Friday, February 16, 2007/
The conference circuit can become a vicious cycle. Solve one conference problem here, and you could win a free subscription to SmartCompany.
So, you think you’re smart, eh?
Here’s a problem to which there’s an elegant, simple solution. Solve it and a free subscription to SmartCompany Premium, is yours.
Ever received one of those glossy brochures from a conference company? They’re often on subjects that, for a time, become fashionable in business circles: TQM, business process re-engineering, managing teams, all that sort of stuff.
You can pay upwards of $2000 to attend one of these events but, amazingly, the speakers present for free. Hit the right market with the right material and it can be an amazingly profitable business.
But the sector’s attraction is also its downfall. Anyone can produce a conference. A desk, a computer, a phone and a few grand to get the thing to market is all you really need. When people saw how well the established companies were doing — and these people tended to be employees of those companies — some left to set up their own shop.
It was a textbook case of what economists term “excess profits” attracting new entrants. Supply expanded, prices fell and everyone had to work that much harder to stay alive.
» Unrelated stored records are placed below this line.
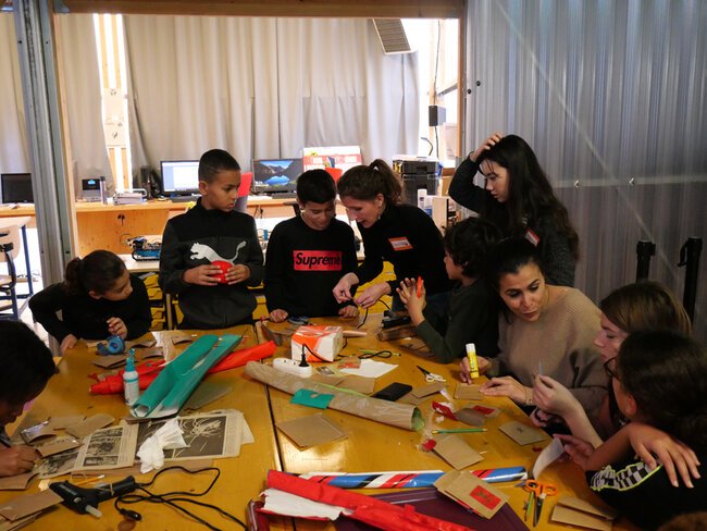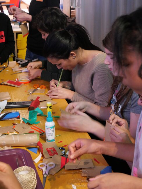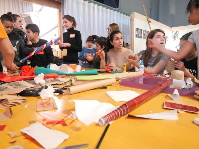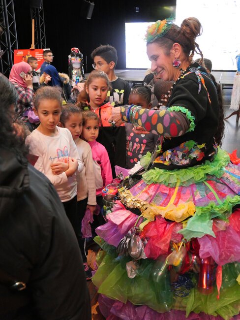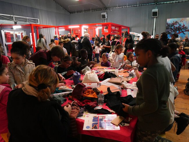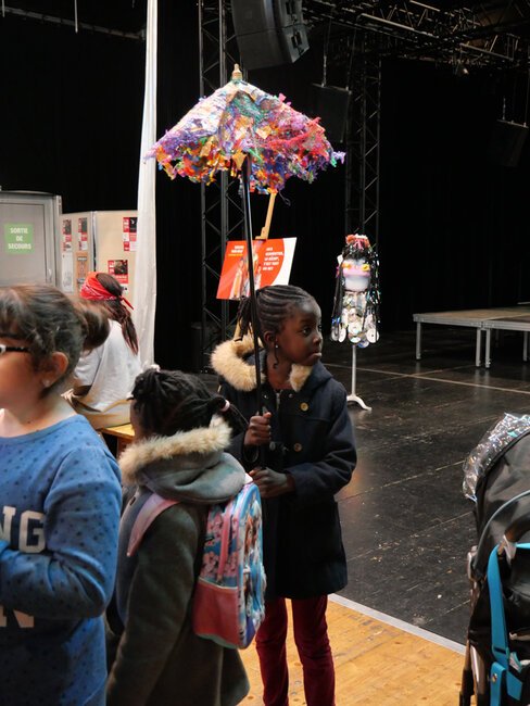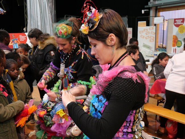 Les seize adultes et 32 enfants participant aux ateliers ont réalisé des costumes et objets à partir d'éléments de récupération.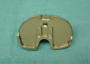 All patients received a posterior-stabilized (PS) fixed-bearing implant. Forty patients (group A: design 1) were randomly selected to receive a Nex-Gen Legacy posterior substituting TKA implant (Nex-Gen LPS, Zimmer, Warsaw, IN, USA), characterized by a symmetric tibial baseplate (Figure 2). Forty patients (group B: design 2) received a Persona, The Personalized Knee System TKA implant (Zimmer, Warsaw, IN, USA), characterized by having an anatomical tibial baseplate (Figure 3).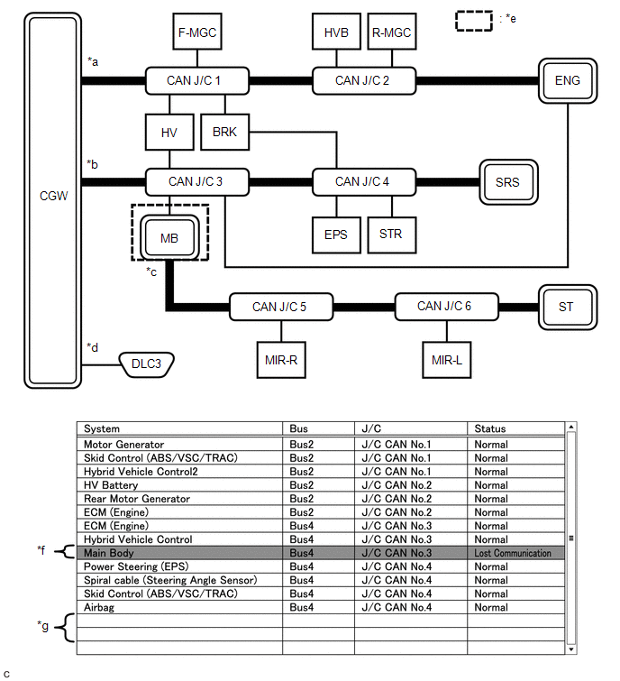 | MB | Main body ECU (multiplex network body ECU) | Main Body | Installed on all vehicles | |

Enter a small but established conference company based in Sydney. This was its problem, similar to those faced by everyone else in the industry: Conference producers put the events together by speaking to various “experts” within the niche they were targeting. They would develop the basic two-day program, work out how the subject would be addressed, the number of case studies to be used and the format for panel discussions etc. Then came the difficult bit: finding 16 speakers to fill the program.
Before the additional competition had entered the market, the entire process would usually take about two weeks. Sometime after the new entrants had arrived, that figure almost doubled.
You see, all the speakers on a particular topic were already speaking at someone else’s event. Production costs were out of control, and what had been a very attractive, profitable industry was barely making money at all.
You may already have some idea as to how this company should respond, but I’m going to make it difficult for you (Amanda doesn’t give away subscriptions for nothing). So here are two strategies you can discount.
The first concerns poaching staff from competitor companies. Some organisations, realising that the very best conference producers could ameliorate the problem of lengthy production times, lured staff with higher pay.
As a result, the salaries for conference producers went up and everyone was back where they began. It wasn’t a solution.
The second approach involved extra resources being spent on discovering conference topics not previously covered. But as soon as they found one, their competitors jumped in, developing the subject matter and flooding the market with copycat programs a few months later.
The whole sector began to resemble something that previously only existed in the minds of economists; a perfectly competitive market. Everyone was making enough to stay alive but not enough to prosper.
So the answer to the conundrum wasn’t either of these two strategies. Any ideas yet? Send them to [email protected] and if you come up with the strategy that was adopted, or something better, you’ll get a free subscription to SmartCompany Premium, valued at $198.
Next week, we’ll give you the answer, but here’s a hint to get you started: It was a very simple technological solution.
James Manche writes: Response to the conundrum….Introduce a closed loop web enabled communications solution that facilitates all communications between registrants / attendees-speakers / presenters and event organisers. Value adding to the product “event / conference” captures the audience for each event. Value adding to a product in most verticle markets provides the single most powerful competitive advantage.